Widespread industrial uptake of nanotechnology requires cheap, easy and robust solutions that allow manipulation of matter at the smallest scales and so a key enabling feature will be the ability to move material around molecule by molecule. One of the major difficulties is the very different physics that operates at the scale of atoms and molecules; water, for example, feels more like treacle to a molecule, and molecules tend to huddle and stick together due to microscopic forces between their atoms. Dr. Thompson explains: “The experiments performed by the group at Twente were very elegant. They involved making two-legged molecules and using a fluorescence microscope to watch how they move along a wet surface. The molecules are hydrophobic, meaning they don’t like water, and the surface was pockmarked with hydrophobic cavities so a weak glueing interaction, based on a mutual dislike of water, drives the interaction between the molecules and the surface.
While the energetics of this type of interaction was worked out over a decade ago by George Whitesides’s group at Harvard, it’s usefulness for materials development was limited because little was known until now on the paths that the molecules take”.
Because the molecules have multiple legs, they display a surprisingly rich behaviour at the surface, beyond simply attaching/detaching, with Dr. Thompson’s computer simulations complementing the experiments and showing the different mechanisms by which the molecules move. The motion switches from walking to hopping to flying, as the environment changes.
Dr. Thompson continues: “Access to high performance computing facilities enabled us to model the different pathways and aid interpretation of the microscopy results. We ran most of the simulations on our own Science Foundation Ireland-supported computing clusters at Tyndall, and also did a few larger-scale calculations at the Irish Center for High End Computing. It’s an exciting time for research as experiments and simulations are finally on the same page; the experiments can finally drill down far enough to see molecule-scale features while advances in computing mean we can routinely model systems composed of hundreds of thousands, and even millions, of atoms”.
The kinetics of multivalent (multisite) interactions at interfaces is poorly understood, despite its fundamental importance for molecular or biomolecular motion and molecular recognition events at biological interfaces. Here, we use fluorescence microscopy to monitor the spreading of mono-, di- and trivalent ligand molecules on a receptor-functionalized surface, and perform multiscale computer simulations to understand the surface diffusion mechanisms. Analogous to chemotaxis, we found that the spreading is directional (along a developing gradient of vacant receptor sites) and is strongly dependent on ligand valency and concentration of a competing monovalent receptor in solution. We identify multiple surface diffusion mechanisms, which we call walking, hopping and flying. The study shows that the interfacial behaviour of multivalent systems is much more complex than that of monovalent ones.

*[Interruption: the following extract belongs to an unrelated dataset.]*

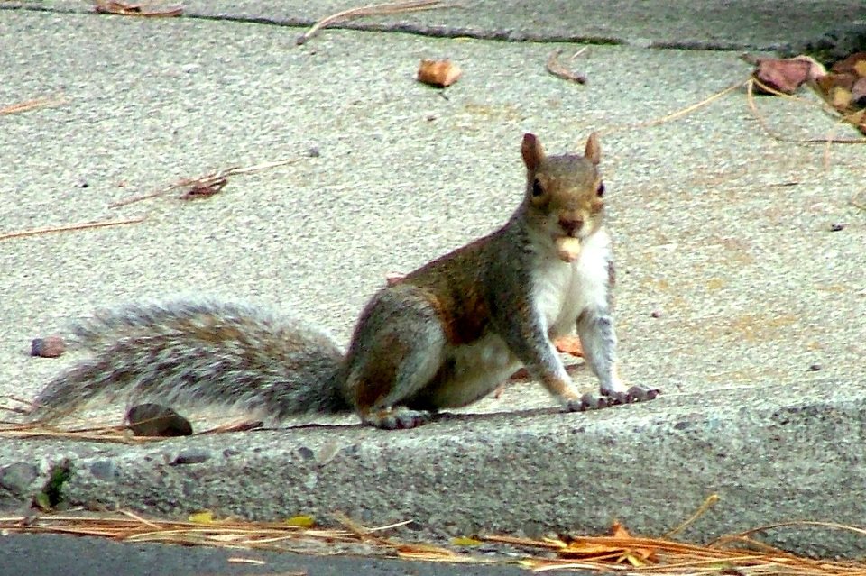 On her Facebook wall , Kerri Thoreson posts this photo of a squirrel packing away nuts for the winter near her Post Falls home, with the comment: “My little squirrel friend showed off his prize quite proudly this morning.”

Representative structure from the molecular dynamics simulations, showing a planar view of the model used to describe the interaction of the GII divalent molecule with the CD-functionalized surface. Water molecules and hydrogen atoms are omitted for clarity. The central orthorhombic unit cell is marked by the black rhombus; expansion with periodic boundary conditions provides the extended hexagonally-packed CD-functionalized surface. The GII molecule is colored blue with Ad anchors shown as spheres and the remaining atoms shown as sticks. The oxygens of the OH groups at the entrance to the CD cavities are shown as red spheres with the remaining atoms shown as brown sticks. The underlying linkers and substrate, arbitrarily set in the simulations to alkanethioether chains and Au(111), are shown as brown sticks and gold spheres. Surface binding sites are labelled in the central unit cell, with Hs1 and Hs2 denoting respectively the CD site binding GII group Ad1 and Ad2. The remaining two uncomplexed surface sites are labelled Hs-free. The snapshot shows the monovalent GII(Hs)1 complex formed after releasing Ad1 from site Hs1.